Since gourami occasionally surface to gulp down air, the air above the water should be around the same temperature as the water. A cover on the aquarium should help maintain the air temperature.

Tank mates. You can keep multiple gourami in a tank because they’re social fish. In the wild, dwarf gourami pair up with fish of the opposite sex and stay close to them.  

Dwarf gourami are territorial but will generally leave other fish alone. You should typically keep no more than a pair in a tank with only one male at a time.

As long as they have plenty of plants to hide in, dwarf gourami can do well with other species of fish. Make sure that the species won’t be aggressive to the gourami or small enough for the gourami to eat.
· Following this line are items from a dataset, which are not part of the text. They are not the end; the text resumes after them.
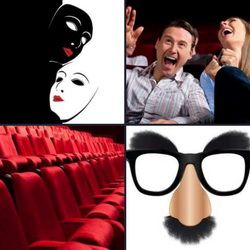 4 фото 1 слово ответы уровень 376: 1. Две маски: чёрная и белая на чёрно-белом фоне 2. Двое смеются 3. Ряд кресел в кинотеатре 4. Маска: очки с бровями, нос и усы 7 букв Правильный ответ - КОМЕДИЯ |
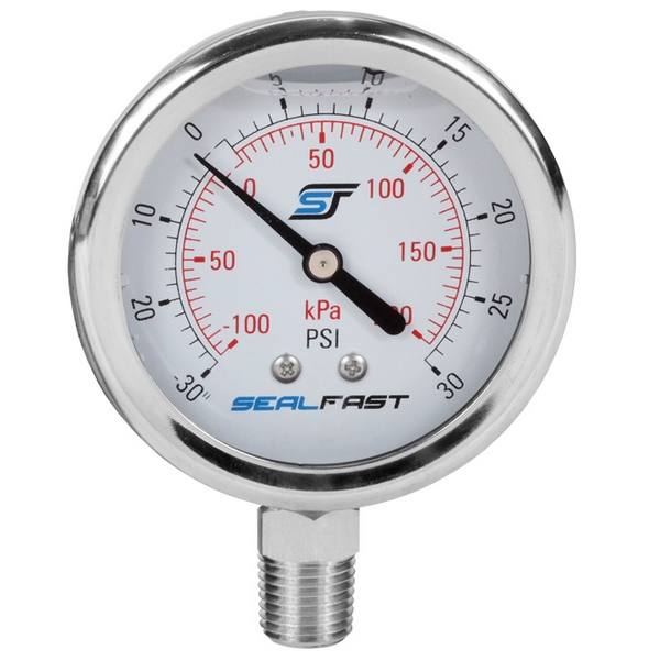 Seal Fast, G406001PSS, Gauge, 4" Face x 1/4" All Stainless Liquid Filled Case, Lower Mount
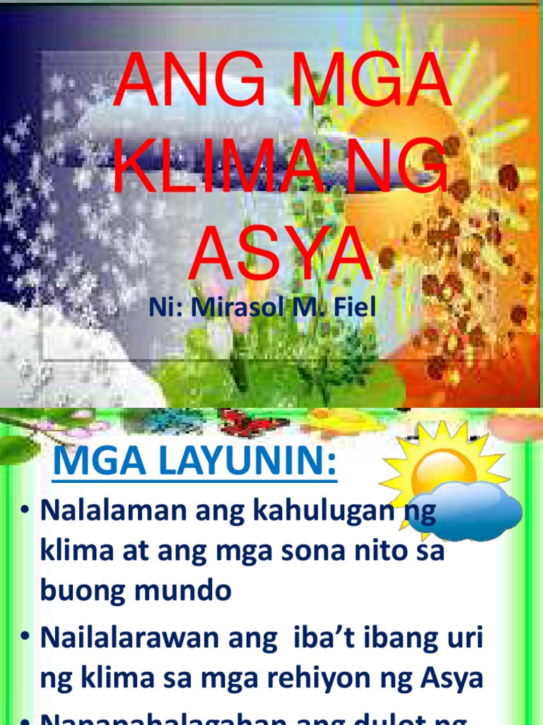 ALAMIN MO GRADE IV BAKIT IBA-IBA ANG KLIMA AT PANAHON NG MUNDO. Iiba-iba ng klima ng isang lugar. Ang ilang mga klima ay may ibat ibang mga panahon at maaaring may kaunti o maraming pagkakaiba-iba sa ulan at temperatura.
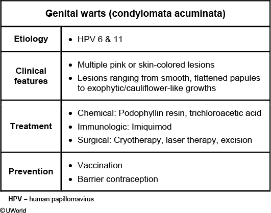 Genital warts (condylomata acuminata) are caused by the human papillomavirus (HPV), the most common sexually transmitted infection in the United States. HPV strains 6 and 11 are most likely to cause the warts, whereas high-risk strains 16 and 18 are associated with high-grade cervical intraepithelial neoplasia and cervical cancer. Internal and/or external vaginal lesions as well as anogenital lesions occur in women. Genital warts appear as clusters of soft, pink or skin-colored lesions. Most lesions are exophytic and cauliflower-like, although some may appear sessile and flat. Genital warts are most often asymptomatic, although pruritus and bleeding from a lesion are possible.
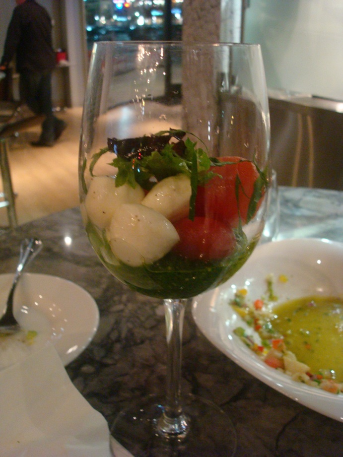 Off-Menu Item #2: Valentine’s Day Caprese, courtesy of Chef Austin. A romantic appetizer set off in a wine glass. The tomatoes, mozzarella and pesto oil came together quite nicely.
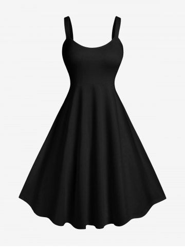 Robe Ligne A en Couleur Unie de Grande Taille - Noir - Noir
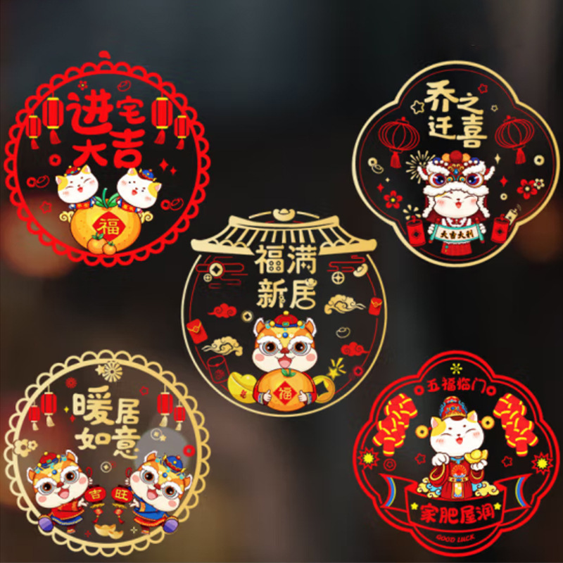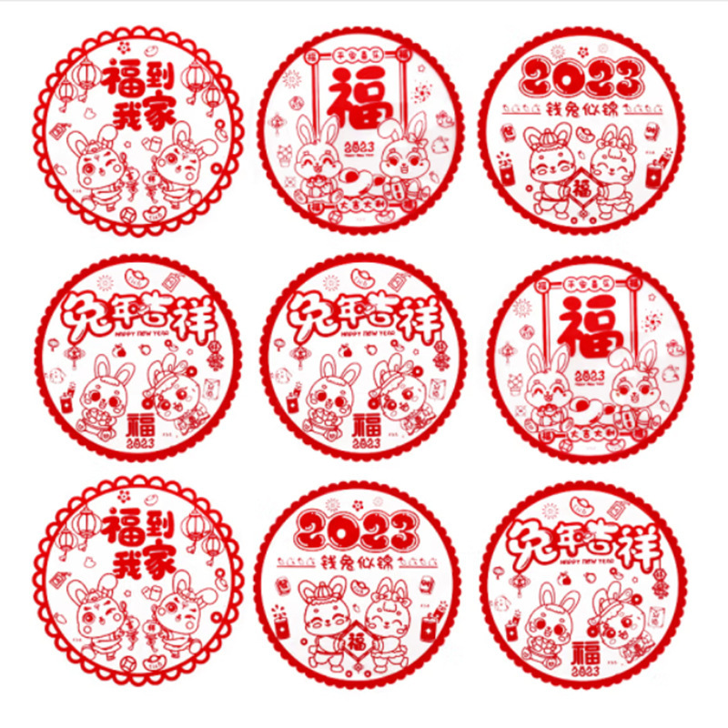 Купетки оконные решетки клейкие электростатические оконные наклейки Год дракона Весенний фестиваль счастливые слова наклейки торговый центр оконные стеклянные наклейки производители оптом

Some species that dwarf gourami get along well with are:

  • Harlequin rasboras
  • Danios
  • Mollies
  • Tetras
  • Plecos
  • Corydoras

Dwarf gourami are omnivores that are easy to please. They eat all manner of prepared fish food, including:

  • Dry food
  • Frozen food
  • Live food
  • Vegetable-based food

You’ll need to feed your dwarf gourami twice a day. You should clean out any excess food immediately to prevent water contamination.

Tank placement. Avoid placing your aquarium in direct sunlight. Sunlight can heat up the water throughout the day to dangerous temperatures for your fish.
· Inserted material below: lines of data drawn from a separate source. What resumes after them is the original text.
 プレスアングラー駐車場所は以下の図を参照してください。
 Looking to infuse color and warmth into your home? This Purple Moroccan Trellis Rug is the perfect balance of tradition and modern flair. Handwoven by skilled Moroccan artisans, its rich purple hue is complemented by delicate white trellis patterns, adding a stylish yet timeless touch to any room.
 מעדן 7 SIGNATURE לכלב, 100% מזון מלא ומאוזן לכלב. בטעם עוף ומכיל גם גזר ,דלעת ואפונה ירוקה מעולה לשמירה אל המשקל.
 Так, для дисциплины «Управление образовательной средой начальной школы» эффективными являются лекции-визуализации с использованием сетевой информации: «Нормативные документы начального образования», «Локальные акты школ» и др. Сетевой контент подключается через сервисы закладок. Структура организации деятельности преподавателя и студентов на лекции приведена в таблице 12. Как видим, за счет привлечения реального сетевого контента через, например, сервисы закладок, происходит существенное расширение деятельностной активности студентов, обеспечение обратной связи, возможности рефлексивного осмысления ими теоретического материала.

Artificial light. To support plant growth and give you a good view of your dwarf gourami, you’ll need a fluorescent light source for your tank. The tank should get no more than 10 hours of light every day, or green algae may build up.

Water chemistry. Dwarf gourami come from areas with slightly acidic water. Keep your aquarium water’s pH at 7.0 or slightly under.

If you intend to maintain an ecosystem of dwarf gourami, breeding them is easy. Females lay eggs, and the males put the eggs in a bubble nest that they make.

It may take time for the male and female to mate, but you can take the female out and reintroduce her later to try again. Once she lays eggs, it may only take three days for the eggs to hatch.  

Once the eggs are in the bubble nest, you’ll need to remove the female and place her in another tank. The male gourami aggressively guards the eggs and may harm the female.

Don’t feed the male or baby fish (the fry) until you remove the male from the tank. Remove the male once the eggs hatch and the baby fish swim on their own, or else the male may eat the fry. 

While the fry are tiny, feed them infusoria and rotifers. Over time, sort the fry by size and remove the larger fish because they may start eating the smaller fry.

Once you’ve got all your supplies, you’re ready to bring home a dwarf gourami. Whether you want to breed or keep them on display, they’re great, low-maintenance fish.